Real impact? I don't know as I'm obviously biased as my salary depends on that. Reducing concrete footprint (the most used construction material and with gigantic carbon footprint) sounds a good bet. Reducing building energy consumption is also a good bet. Other things that are interesting is working in lab meat (not sure it's a place for devs yet).
I'm happy with the switch and I don't see myself doing anything else with my working time until we solve this as species.
Where do you find them. YC has a climate startups (), LowerCarbonCapital has a jobs board, and you can always ctrl-f "climate" in the whoishiring thread. Tip, search for green VCs and check their portfolio one by one.
If you want to work for a weather monitoring satellite company, there is Spire[1] (also RocketLab,SpaceX who is hiring)
[1] https://spire.com/
[2] https://www.rocketlabusa.com/careers/positions/
Illegal deforestation? If a fleet of satellites is providing daily updates across the amazon, it is far more easily caught, rather than having it show up 2 weeks later after they have already cut out a chunk and left
It's bleak. Launching things into space is unsustainable and should be minimized.
> Current rocket launches have a negligible effect on total carbon emissions — Everyday Astronaut found they accounted for 0.0000059 percent of global carbon emissions in 2018, while the airline industry produced 2.4 percent the same year.

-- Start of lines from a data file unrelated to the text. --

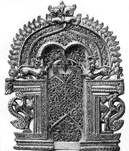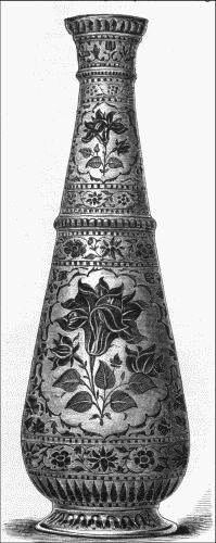 To appreciate the full extent of a task that already seems to hang like a shadow over the whole of what yet remains of one's life, it may be pointed out that the Vedas form only one of four groups of sacred writings, that there are four Vedas, and that each one of the four consists of four parts. Then there are Upa-Vedas, Ved-Angas and Upangas; and under the last-named fall the epics of the Ramayana, of ninety-six thousand lines, and the Mahabharata, of two hundred and twenty thousand long lines, not to mention others. These are mere glimpses into a vista long and dark, and it seems a little odd that one should be called upon to go through so much in order to appreciate a specimen of carving from Vizagapatam, an inlaid table-top from Agra, a box of Cashmere lacquer or a panel of carved sandal-wood from Canara. The fact is, that the matter may be looked at from another point of view—that taken up by those who decline to see anything in a painting but canvas and paint—who care for nothing in the shape of sentiment or story, but have a single eye to art. In this way the beauty and harmony of Oriental coloring, the delicacy and wonderful finish in all manner of carvings, the skill displayed in inlaying and chasing—in a word, all the points of industrial art in India—may be both enjoyed and understood without a reference to the Puranas or the Code of Manu, or without the observer's being able to enumerate the avatars of Vishnu. The inquirer is thus borne up against the deterrent influence of specialists, with the plaintive notes of whose voice he has become in all probability elsewhere familiar. It is the same voice, to all intents and [Pg 534] purposes, that haunts the graves of Egypt, the ruins of Rhagœ, the tombs of Etruria and Magna Græcia, the workshops of King-teh-chin and the mounds of Pachacamac. It is heard, in short, all round the world, and its burden is ever the same: "Understand the religion of a people before peering into their arts." The obvious answer comes: Life is short and art is long: if to art religion be prefixed, all knowledge of art is at an end. It would be pleasant, no doubt, to tell at a glance what legend or myth is represented on a Greek vase, but meantime we can admire the form. It would be equally pleasant to be able to interpret the painting on a Chinese historical vase, but meantime we can admire the colors. So with Egypt, Persia and Peru: it will be well for the many to get at the industrial secrets of these countries if they never obtain even a glimpse of the underlying religious idea of the craftsman.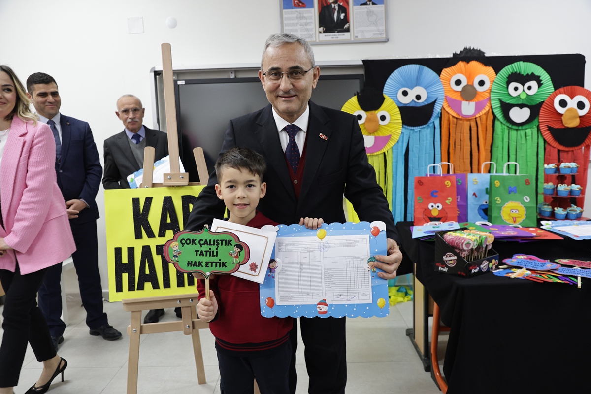2023-2024 eğitim öğretim yılının birinci döneminin sona ermesiyle tüm yurtta olduğu gibi şehrimizde de karne heyecanı yaşandı. Miniklerin karne heyecanına ortak olan Belediye Başkanımız Prof. Dr. Alim Işık, öğrencilere iyi tatiller diledi.11 Eylül 2023'de başlayan 2023-2024 eğitim öğretim yılının birinci dönemi bugün itibariyle sona erdi. Tüm yurtta olduğu gibi şehrimizde de öğrenciler karne heyecanı yaşadı. 75. Yıl Mahallesi’ndeki Atakent İlköğretim Okulu’nu ziyaret ederek miniklerin heyecanına ortak olan Belediye Başkanımız Prof. Dr. Alim Işık, öğrencilere karnelerini takdim etti. Karnelerini Başkanımız Işık ve il protokolünden alan öğrenciler, 5 Şubat’ta başlayacak ikinci döneme kadar tatilin tadını çıkaracak.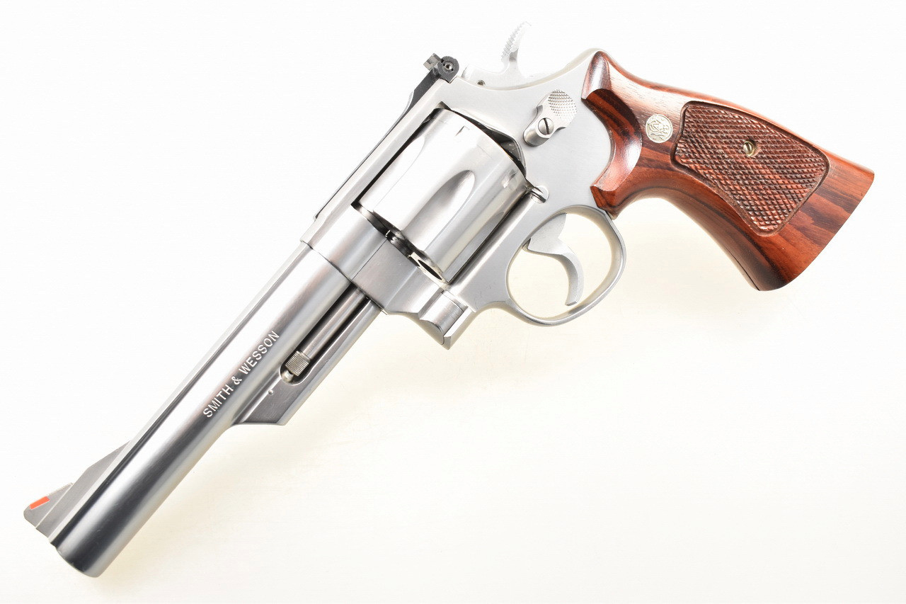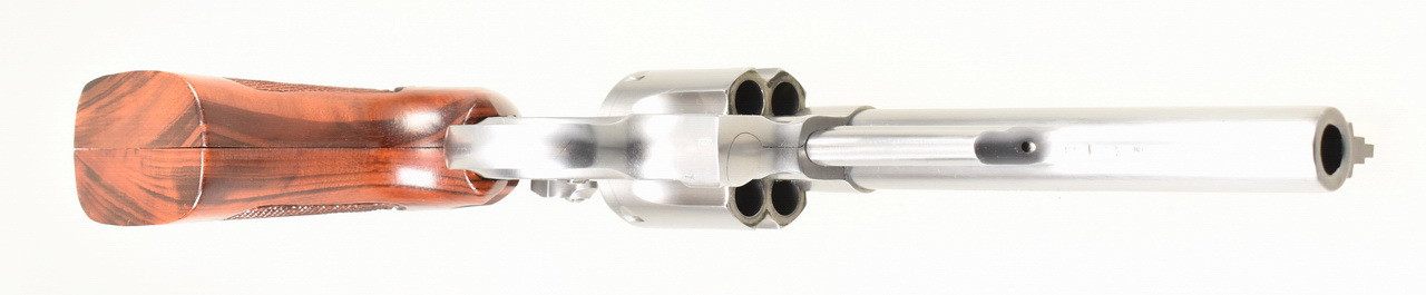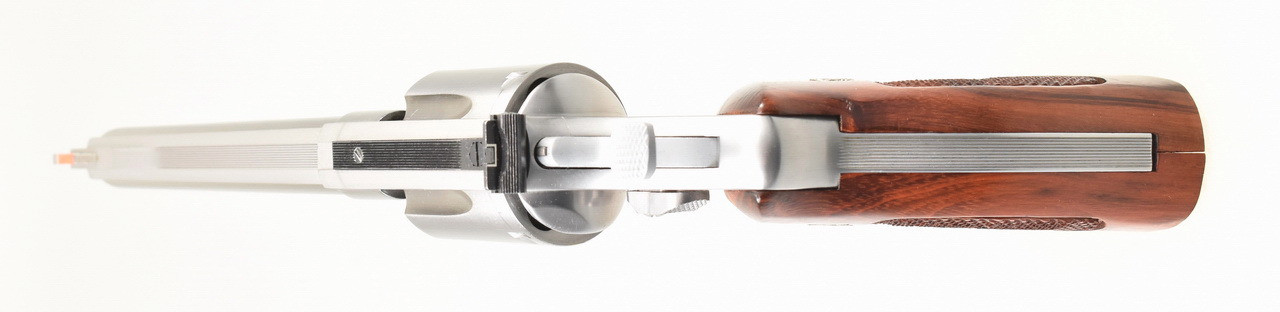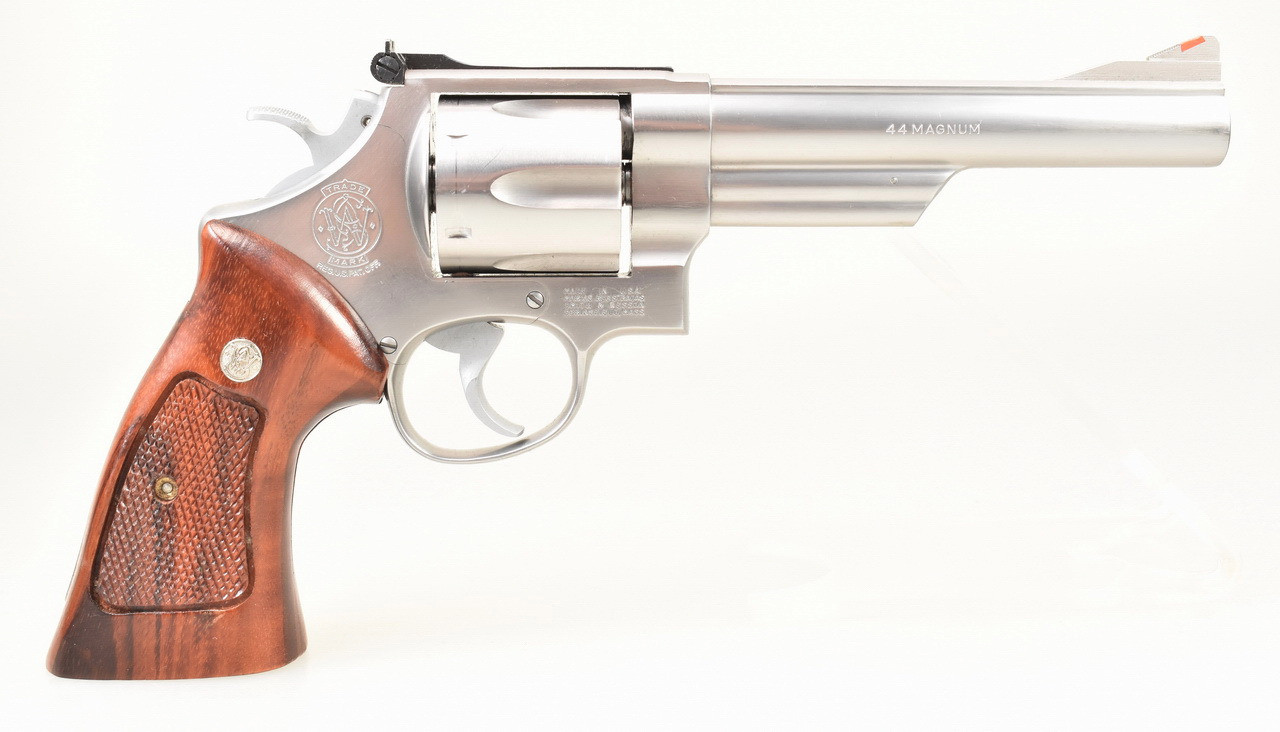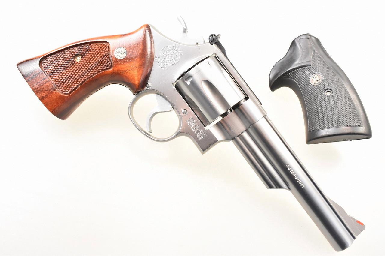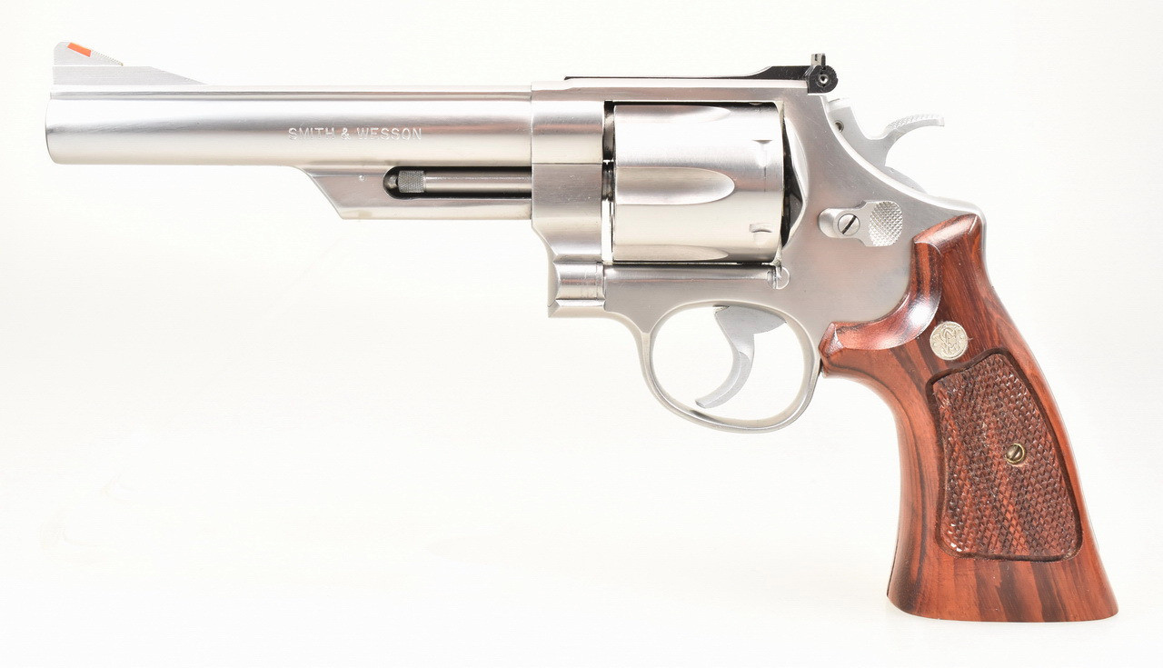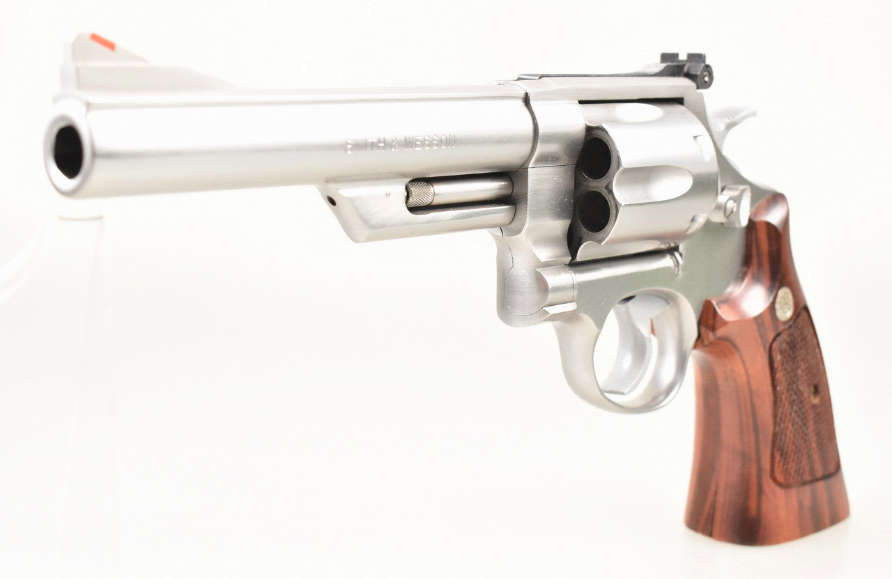 Leicht gebrauchter Stainless - Steel Revolver Modell 629 - 1 des bekannten amerikanischen Herstellers Smith & Wesson. Spiegelblanker Lauf. Belgischer Beschuß. Wischo Vertriebsstempel. Höhen- und seitenverstellbare Visierung mit White Outline Kimmenblatt. Rampenkorn mit roter Kunststoffeinlage. 195mm lange Visierlinie. Originale S&W Holzgriffschalen mit Fischhautmuster und Pachmayr Presentation Gummigriff.

> But the long-term effect is less clear, especially as companies like SpaceX move from hosting 26 launches in a year to 1,000 launches per rocket in a year.
> “I think we can guess that rockets won't be a huge impact on the environment, and they probably won't stand out as a sole source of new problems,” Darin Toohey, professor at the University of Colorado Boulder’s Atmospheric and Ocean Sciences, tells Inverse. “But they will add to the growing list of activities that have negative impacts on the environment.”
Work in property insurance/reinsurance. I spent the last 16 years in that world and contemplated climate change nearly the entire time. Insurance not seen as all that sexy, but I think it's one area where climate matters in a very practical way.
Happy to discuss with you if interested.